Task statement
From the line containing "This ultra-thin portable" down to the line containing "IWY/灰色小西装西服套装女条纹格子韩版休闲职业装时尚CP9354", copy out the entries below exactly, both lines included, and nothing else; pictures do not belong in the copy.

Extracted records
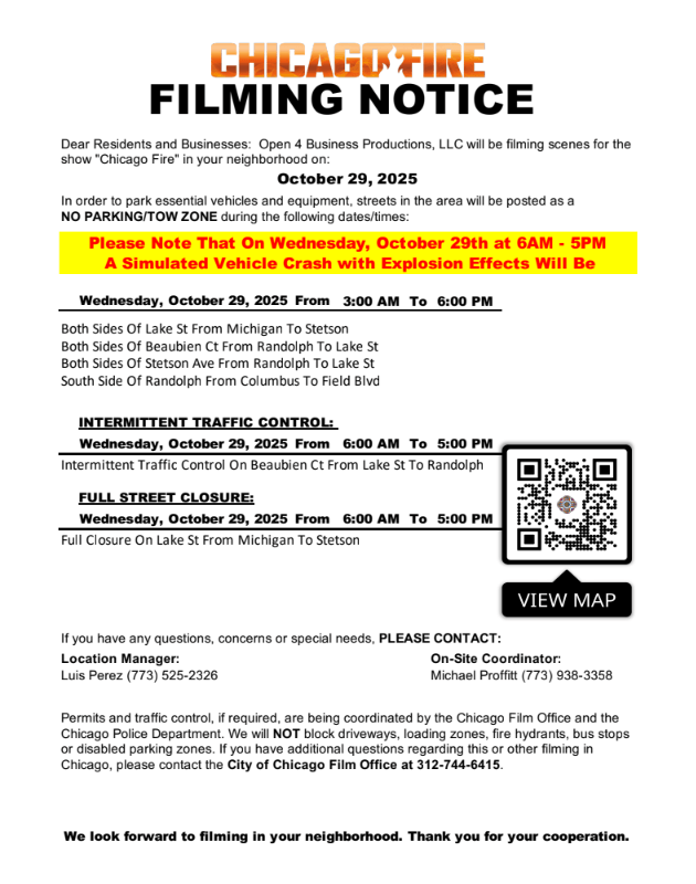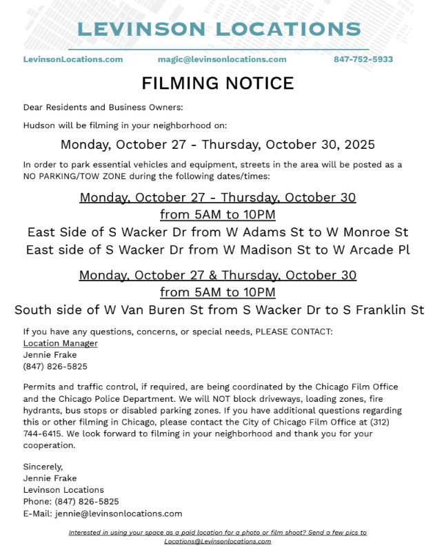 - The week of October 27th, the northern sidewalk will be closed for ComEd work.
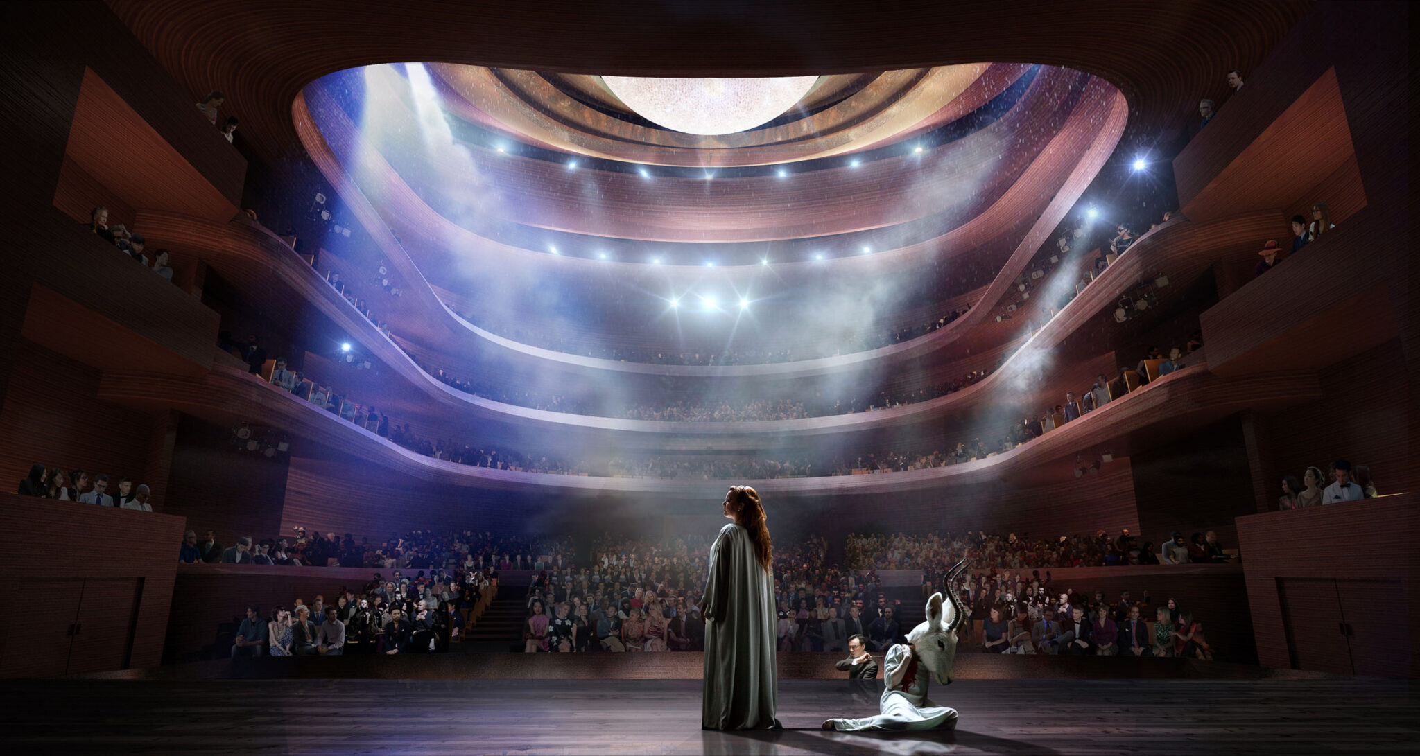 At the heart of the building, the opera hall is designed as a finely tuned musical instrument. Its form is meticulously engineered to support world-class operatic acoustics, with solid cherry wood panels shaping the interior and enhancing resonance, warmth, and sonic clarity.
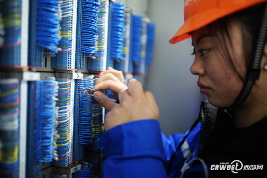 十多平米的設(shè)備房內(nèi)一片繁忙景象,四排信號機(jī)柜整齊排列,機(jī)柜里、地面上散落著很多線纜,每排柜子間都有一兩個(gè)忙碌的女工,她們神情專注,各色的線纜在手上飛舞。
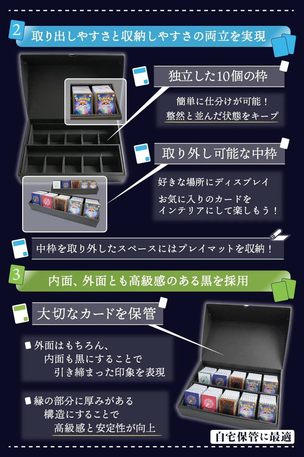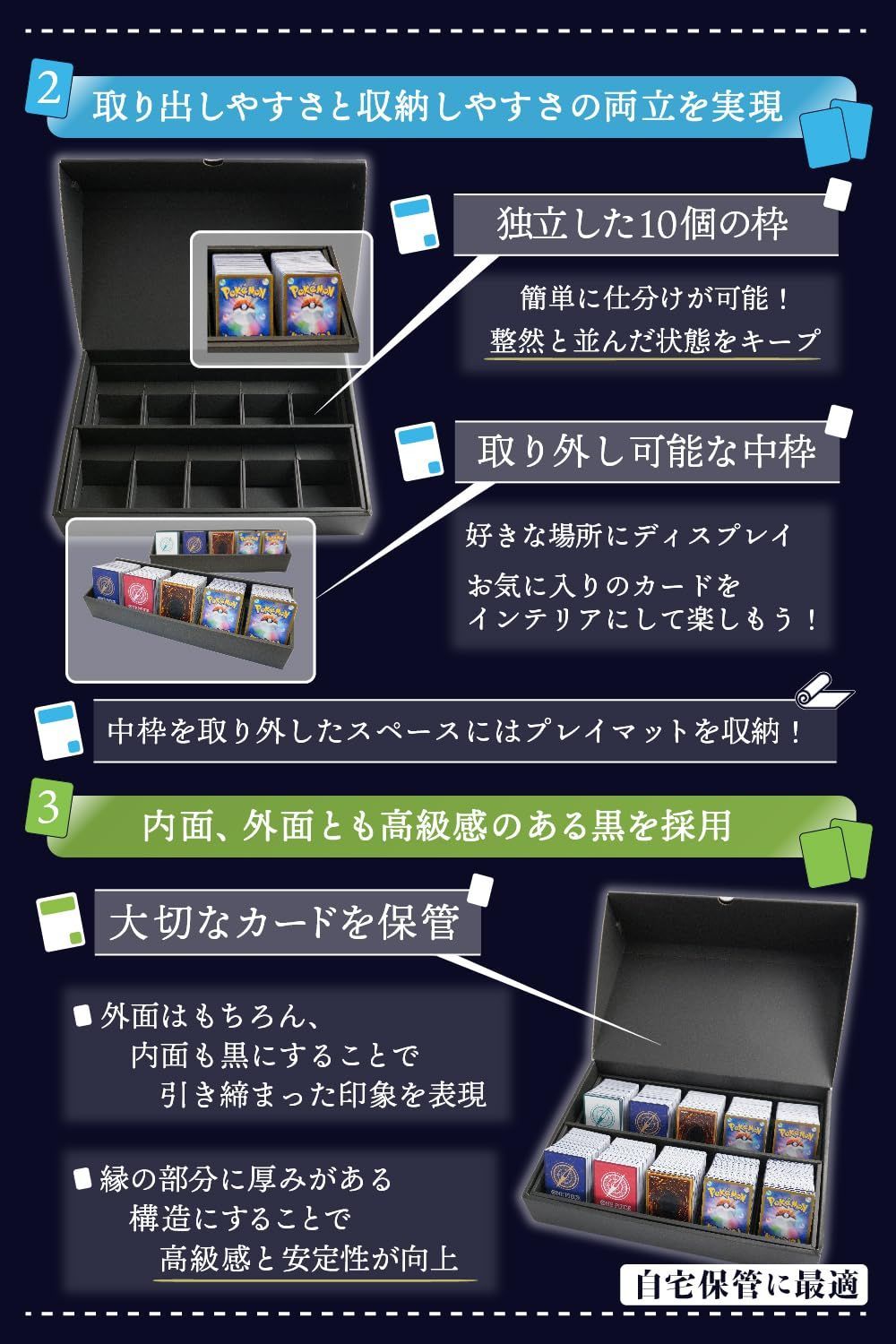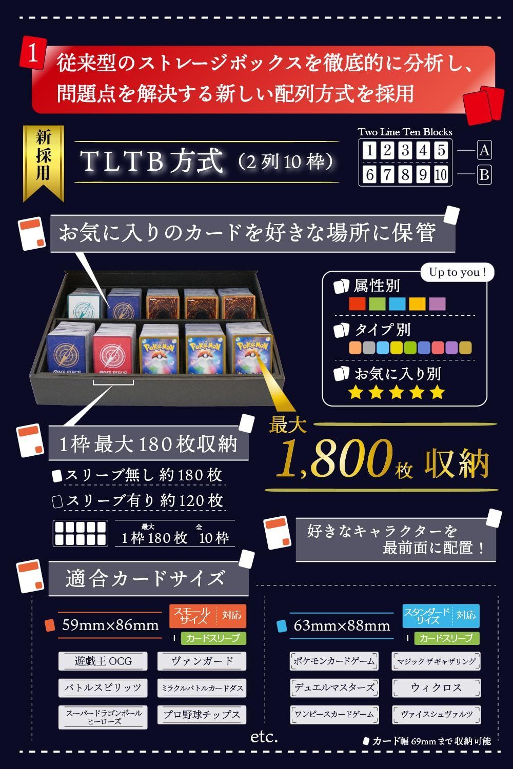 トレーディングカードケース トレカ ケース 約1800枚 収納 ストレージボックス トレカ 大容量 スリーブ対応 組み立て済み 自宅収納用 デッキケース 前面向き 日本製
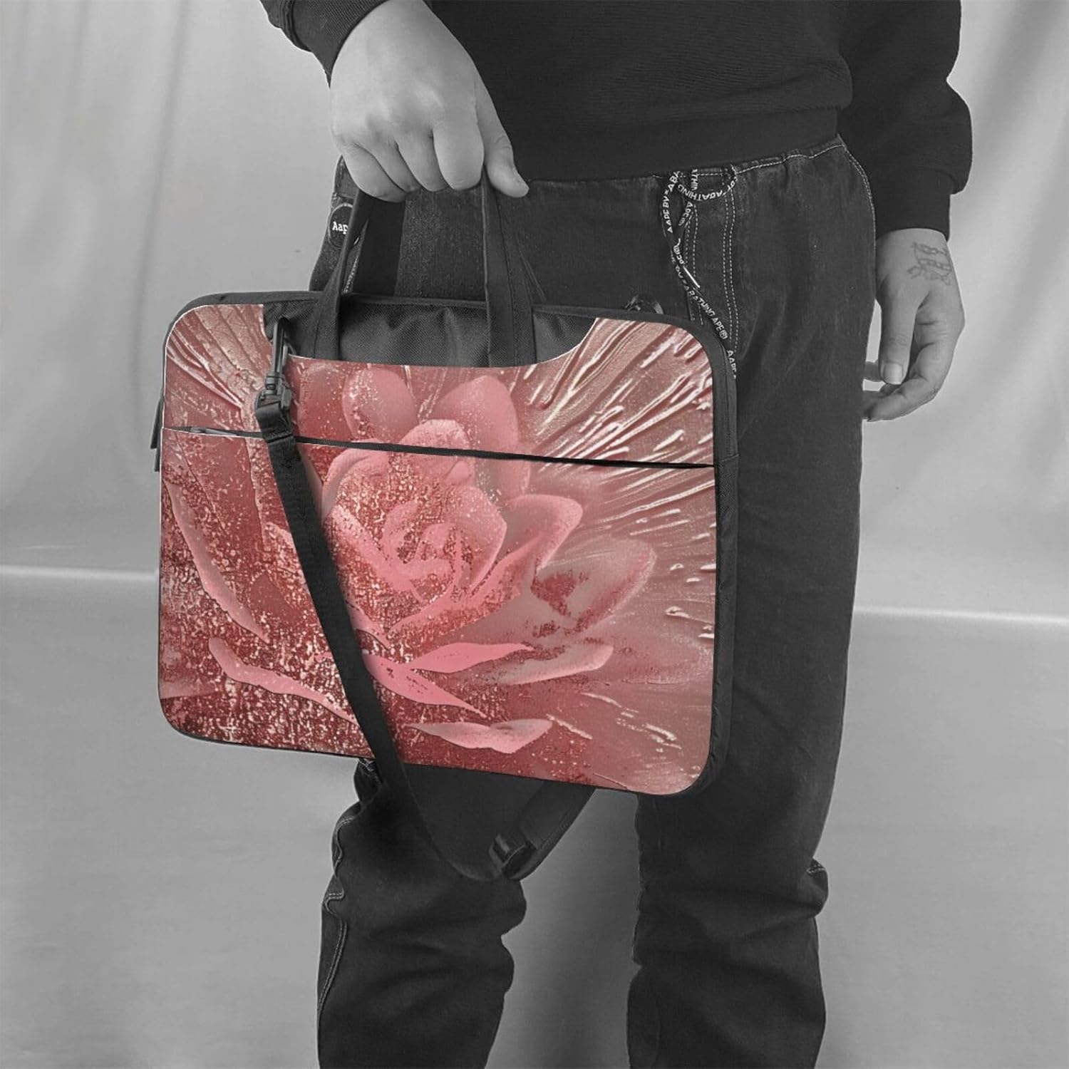 This ultra-thin portable laptop shoulder bag is designed for both men and women. It is made of high quality 600D polyester oxford fabric with a polyester foam filling layer and soft fabric lining, providing excellent shock absorption and protection for your laptop. The spacious interior provides a large capacity, so you can easily store your laptop, mouse, cables, power bank, pens and other accessories. The top double zippers ensure smooth sliding and convenient access. The removable padded shoulder strap with a length of 18 cm and a maximum length of 112 cm allows you to carry it comfortably on your shoulder or across the body. When not in use, the retractable top handle allows you to carry it alone or put it in your favorite bag. The bag also comes with a luggage strap on the back, making it suitable for business trips. With its fashionable design and special pattern, this laptop tote bag will make you different. The lining of the laptop bag for school office provides excellent protection from scratches. It is very suitable for carrying your laptop when going out. There are large pockets on both sides of the bag to hide the handles and hold the mouse, cables, power bank, pens and other accessories. To keep the bag in good condition, it is recommended to wash hand wash and avoid bleaching.
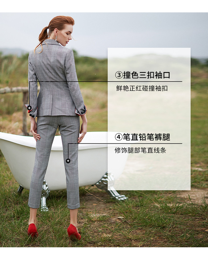IWY/灰色小西装西服套装女条纹格子韩版休闲职业装时尚CP9354
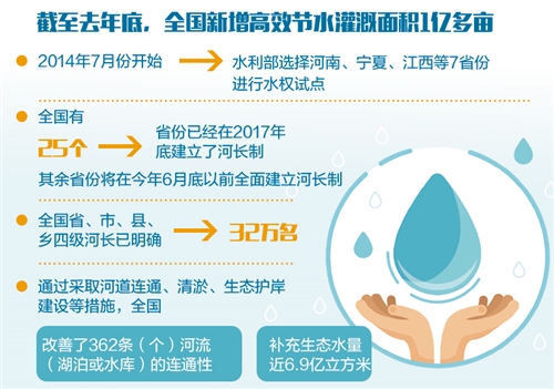 “目前,全國有25個省份已經(jīng)建立了河長制,其余省份將在今年6月底前全面建立河長制。全國省、市、縣、鄉(xiāng)四級河長已有32萬名。各級河長帶頭巡河履責(zé),開展專項行動,整治突出問題,健全管理機制,取得了明顯成效?!彼亢娱L辦主任祖雷鳴說,很多河流從“沒人管”到“有人管”、從“多頭管”到“統(tǒng)一管”、從“管不好”到“管得好”,實現(xiàn)了重大轉(zhuǎn)變。

Response below
 This ultra-thin portable laptop shoulder bag is designed for both men and women. It is made of high quality 600D polyester oxford fabric with a polyester foam filling layer and soft fabric lining, providing excellent shock absorption and protection for your laptop. The spacious interior provides a large capacity, so you can easily store your laptop, mouse, cables, power bank, pens and other accessories. The top double zippers ensure smooth sliding and convenient access. The removable padded shoulder strap with a length of 18 cm and a maximum length of 112 cm allows you to carry it comfortably on your shoulder or across the body. When not in use, the retractable top handle allows you to carry it alone or put it in your favorite bag. The bag also comes with a luggage strap on the back, making it suitable for business trips. With its fashionable design and special pattern, this laptop tote bag will make you different. The lining of the laptop bag for school office provides excellent protection from scratches. It is very suitable for carrying your laptop when going out. There are large pockets on both sides of the bag to hide the handles and hold the mouse, cables, power bank, pens and other accessories. To keep the bag in good condition, it is recommended to wash hand wash and avoid bleaching.
IWY/灰色小西装西服套装女条纹格子韩版休闲职业装时尚CP9354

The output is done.